I was not going to have a thoughtless supper after such a great day. I cut up green onions, a stalk of celery and the breast remains of a turkey roast from last Thanksgiving. I heated olive oil in a stick-free skillet, quickly fried the veggies then added the turkey that I cooked until the edges were golden crisp and the skillet gave off a surprisingly bewitching aroma. I added dollops of my home-made basil-tomato sauce and removed the skillet from the stove. I toasted half a foot of Marsh baguette, laid red-leaf lettuce on the open halves and piled up the re-cooked turkey. Two slices of bright red, ripe tomato were a perfect garnish for a feast, and with such miniscule effort! On the TV was the closing ceremony of the Olympic Games in Beijing.

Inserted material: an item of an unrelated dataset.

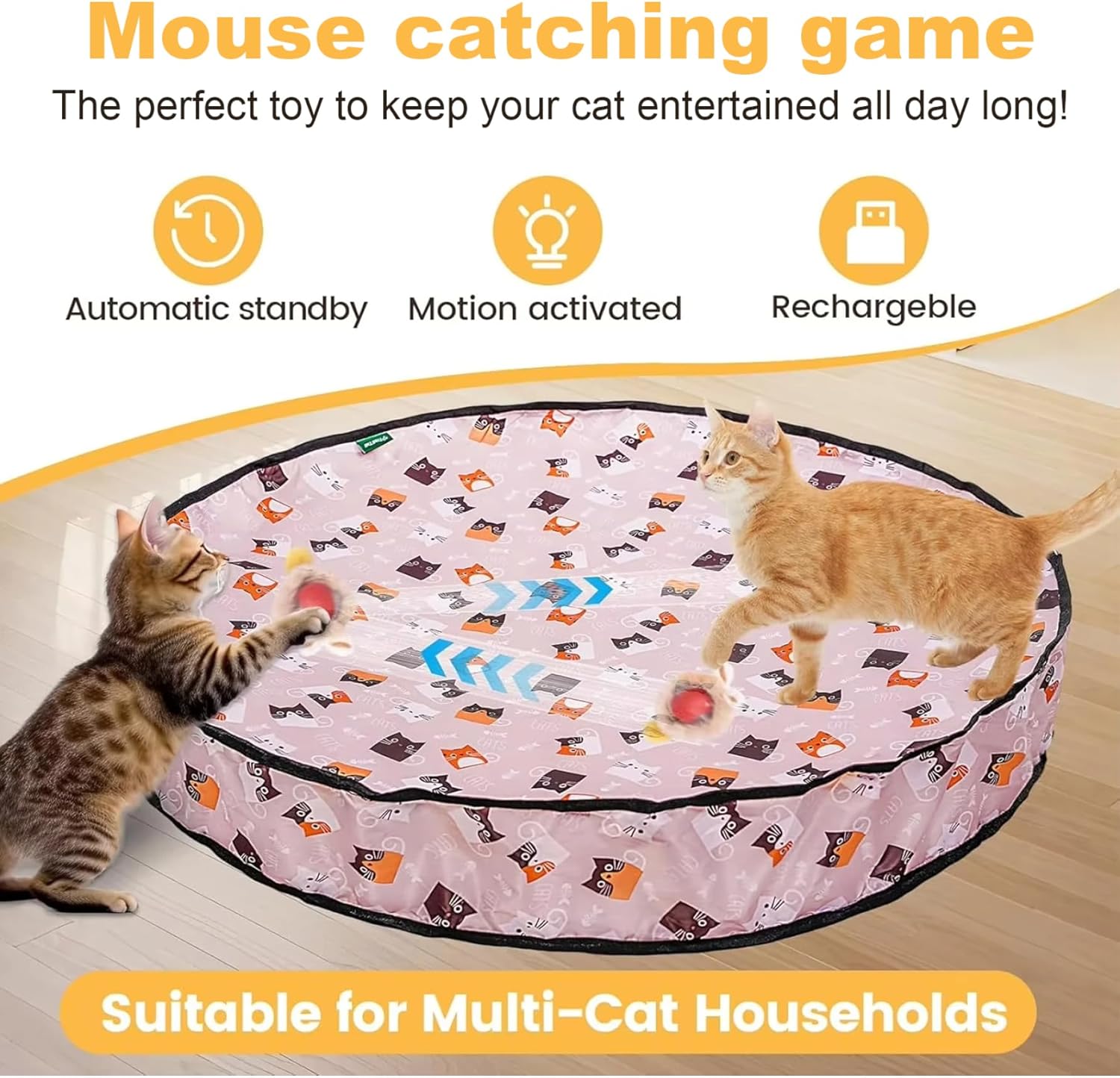 Ricaricabile ed ecologico: dotato di una batteria ricaricabile, il giocattolo elimina la seccatura e il costo di frequenti sostituti, rendendolo un'opzione sostenibile e conveniente per l'intrattenimento per gatti interni a lungo termine..La ricarica USB facile significa che è pronto ogni volta che è il tuo amico felino. Versatile per tutti i gatti: adatto a gatti di tutte le età e dimensioni, questo giocattolo di gatto interattivo migliora i riflessi e la vigilanza mentale..Il suo design compatto si adatta facilmente in vari spazi interni, fornendo divertimento indipendentemente dall'ambiente domestico. Attivazione del movimento automatico: la palla che rotola rapida si muove automaticamente e cambia direzione quando toccata, stimolando gli istinti di caccia naturali del tuo gatto e fornendo intrattenimento infinito senza intervento manuale..Questo garantisce che il tuo gatto interno rimanga attivo e impegnato anche quando sei occupato. Simulazione di caccia perfetta: progettato come un gatto nascondere e cercare giocattolo con una pallina che imita i movimenti rapidi di un topo, tocca il comportamento predatorio del tuo gatto, incoraggiando la caccia naturale e lo stalking, che promuove uno stile di vita sano e riduce lo stress alla noia. Design di mappeti da gioco interattivo: con un grazioso tappetino da gioco per gatti, questo giocattolo combina trame tattili con la palla rotolante per incoraggiare i gatti a balzare, scorrere e inseguire, migliorando l'esercizio fisico e la stimolazione mentale in un'area giochi compatta.

Going out with the two Filipino women was what I think made the day so enjoyable. It's not something I normally would do but I am learning how to spend my days now that I am into the eighth month of my sabbatical. No clinic work tomorrow, and only the movie on China to look forward to as an apt ending for a great weekend.

Tuesday, August 5, 2008

Quick Kitchen Art

Late yesterday I went to purchase a few ingredients for lunch with Tony today. Marsh had a pound of raspberries for $4.49. 

Throughout the year, despite storesin Indiana now getting their produce from as far afield as South America, we still experience seasonal abundance and consequent cheap prices that I like to take advantage of—whether it is asparagus or Florida oranges or Mexican mangoes or, in this case, Michigan raspberries! I like the idea of my diet corresponding in some way to the seasonal cycle of the part of the earth I inhabit. It also lends creativity to my cooking.

Anymore I cook without recipes. For lunch I fixed the raspberries with hand-torn, red leaf-lettuce, lightly dressed with aged balsamic vinegar, olive oil and fresh squeezed lime juice and a few grindings of fresh pink, red and white peppercorns. I've dispensed with salt altogether and don't miss it at all. 

For the hot part of the one-platter lunch, I made a simple stir-fry. I reheated chicken-breast nuggets I stir-fried the other day. Having ingredients like this in the refrigerator makes putting together whole meals a snap. I added strung fresh snow peas, sliced green onions, and shelled whole peanuts and a couple tablespoonfuls of Trader Joe's Thai green curry simmer sauce. 

TJ simmer sauces are a quick way to make something special. I ignore the directions on the bottle and use them as part of my flavoring armamentarium. A shelf-full of dried spices, fresh herb cuttings from the garden, a supply of various sauces, kitchen stocks of pre-cooked ingredients, and, of course, imagination: this must be how restaurants manage to serve the variety of dishes on their daily menus!